Erlend Sogge Heggen Aug 10, 2024

> (…) split the index, which is to say the part of Google Search that scrapes the web and makes that content searchable, from the search user interface, and manage that index as a public utility that different search services could rely on and pay for, an idea that was suggested in a recent paper.

That would be incredible. I wish regulators would make Commons Enforcement a regular part of their playbook.
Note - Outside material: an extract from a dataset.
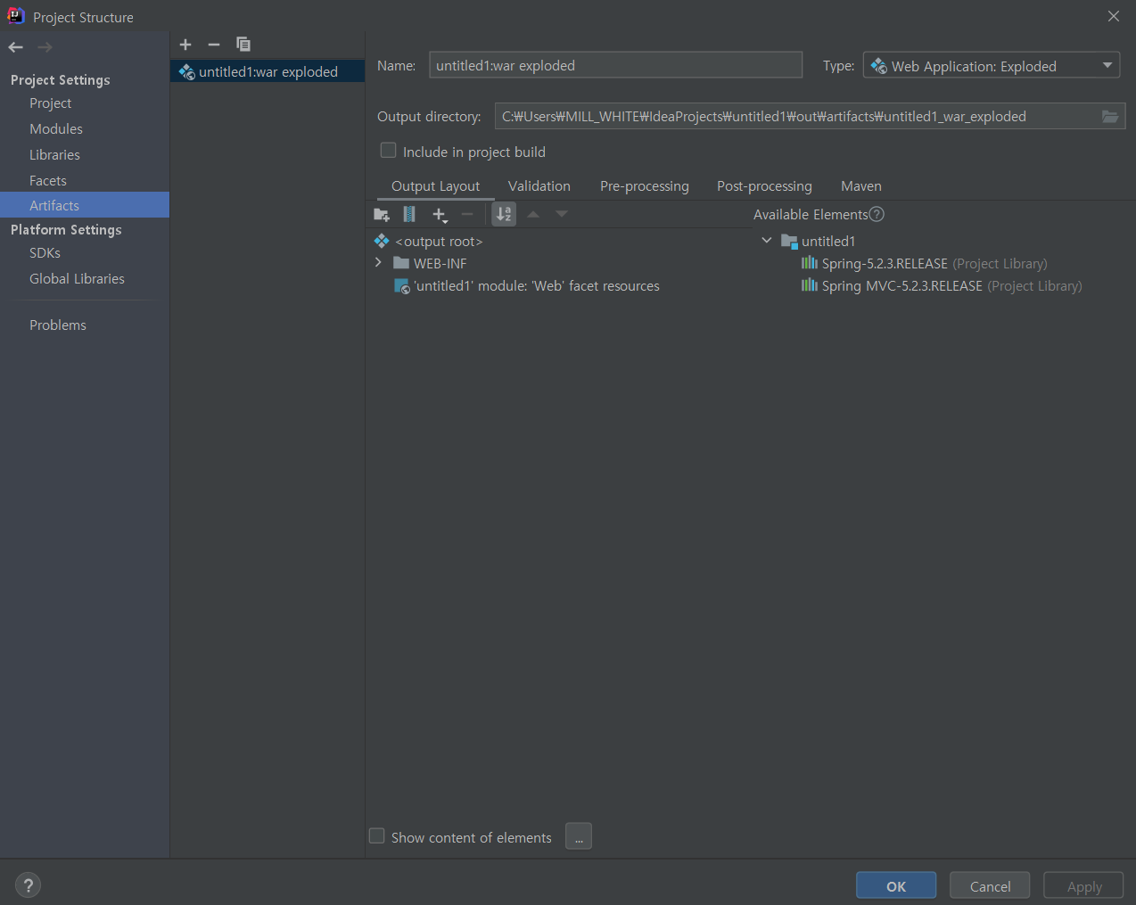 목록에서 Artifacts를 클릭 후 Output Layout->Available Elements의 라이브러리 두개를 더블클릭해주세요.

Commonify the monopolizers’ complements!

https://gwern.net/complement

https://mastodon.social/@robin/112933151964297678

Laws of Tech: Commoditize Your Complement

A classic pattern in technology economics, identified by Joel Spolsky, is layers of the stack attempting to become monopolies while turning other layers into perfectly-competitive markets which are commoditized, in order to harvest most of the consumer surplus; discussion and examples.

Show thread

Luis Villa

@erlend 👀

Show thread

Fabrice Desré Aug 10, 2024

@luis_in_brief @erlend I haven't read that piece yet (@robin writes too much lol), but is that not what exists already with common crawl, and was used by many AI companies for their training?

Show thread

Robin Berjon Aug 12, 2024

@fabrice @luis_in_brief @erlend No, Common Crawl is just a periodic crawl of the web. You can't really build a real search engine on it, it doesn't update often enough. (I mean you can, but people will be disappointed.) This would be more like an API service.

Show thread

Fabrice Desré Aug 13, 2024

@robin @luis_in_brief @erlend Right, but common crawl is a good base to prototype such an API in order to figure out what it could look like. I guess we'll need a bit more flexibility than with opensearch endpoints.

Show thread

Robin Berjon Aug 13, 2024

@fabrice @luis_in_brief @erlend Sure, but building from CC isn't necessarily for the faint of heart, for starters you need a good chunk of terabytes!

Show thread

Luis Villa Aug 13, 2024

@robin @fabrice @erlend sure though … any serious attempt to do a search engine is going to require that! You can’t do ranking and searching without having most of a local copy yourself. This is not a project for the weak of budget, no matter how much you want to put on the ~~Library~~ Cache of Congress side.

Show thread

Robin Berjon Aug 14, 2024

@luis_in_brief @fabrice @erlend Not if you have good infra. When dealing with this kind of volume, there are compute-over-data (where the code goes to the data instead of the other way around) approaches that don't need you to store everything. If signals are already indexed, you can compute your own ranking over them with your own weighting and filtering (which already makes a big difference). We could have search diversity not for nothing but for much much cheaper.